# Found two year old LGD’s -will they work?



## Avodah (Jun 20, 2016)

https://kansascity.craigslist.org/grd/d/livestock-guardian-dogs/6451440676.html


I really don’t have time to train a puppy. We have 15 ewes (who are all lambing right now ). We rotationally graze and will follow the sheep with pigs and then chickens. From what I read 2 LGDs is the best choice. We don’t have 100% perimeter fencing so they will be in the electric fence with the animals. 

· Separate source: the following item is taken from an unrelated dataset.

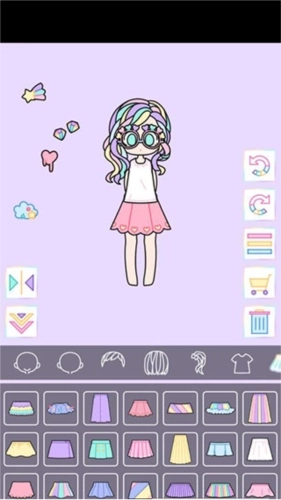 2、进入游戏后,映入眼帘的是梦幻感十足的彩虹色封面。游戏内提供了数十种表情可供选择,还能分别搭配刘海与发型,这些发型和刘海大多是软萌的七彩配色,玩家可依据心情自由组合。此外,还有各式各样的上衣、连衣裙,以及能让角色做出不同动作的外套可供挑选。我们还能选择风格各异的装饰物来装点画面,再配上可爱的对话气泡与字母元素,让每个角色都能展现出独一无二的个性。

I’m not opposed to spending some time with them each day training but I just don’t want to put in the work of 8week old pups. Do you think these two would be a good choice for my needs? I am just not sure, and can’t find any clear information, on wether you are better off buying puppies and training yourself or buying older ones that are trained or half trained.

Thanks!


----------



## hunter63 (Jan 4, 2005)

Why are they for sale......?


----------



## motdaugrnds (Jul 3, 2002)

Avodah, every LGD is a gamble, even the puppies. Two year olds are in the last stage of their adolescents and, as so, are still testing limits. Were I in your shoes and near enough to them I would probably go over and spend the day with the owners watching those two dogs BEFORE I actually bought them. That day I would make sure I saw how they acted with the animals YOU are going to have them with; AND I'ld make sure I am comfortable with the way they both interact with me. Even then if I did decide to purchase them, I would not leave them with my particular animals without supervision until I was sure the way I saw them interact on the other place got carried over to the animals on my place.


----------



## Pyrpup2016 (Sep 11, 2016)

What motdaugrnds said, plus, even if you do bring them home, don't leave them unattended with the lambing ewes this first season. Newborns and the afterbirths are a real test of even tested LGDs. Introduce them slowly and by next lambing they should be trustworthy. I've several times recommended the site "Bountiful Farm" for very detailed good training advice for the LGD.s Go to their Training Seminars, and you'll learn a lot about these wonderful dogs.


----------



## haypoint (Oct 4, 2006)

IMHO, Bad idea. Also, pass up any 2 year old **** dogs that might be gun shy.
IMHO, LGD use is very limited and in those rare situations only with intensive training, starting at 8 weeks.


----------



## mystang89 (Oct 10, 2012)

I responded to the thread toy posted a question to but I agree with haypoint


----------



## Solar Geek (Mar 14, 2014)

Avodah said:


> https://kansascity.craigslist.org/grd/d/livestock-guardian-dogs/6451440676.html
> 
> 
> I really don’t have time to train a puppy. We have 15 ewes (who are all lambing right now ). We rotationally graze and will follow the sheep with pigs and then chickens. From what I read 2 LGDs is the best choice. We don’t have 100% perimeter fencing so they will be in the electric fence with the animals.
> ...


I looked at the craigslist ad but it said they were only 8 months old? Not 2 years. But maybe it was just the way you typed the "title" of the thread? Their real age may change some people's responses.


----------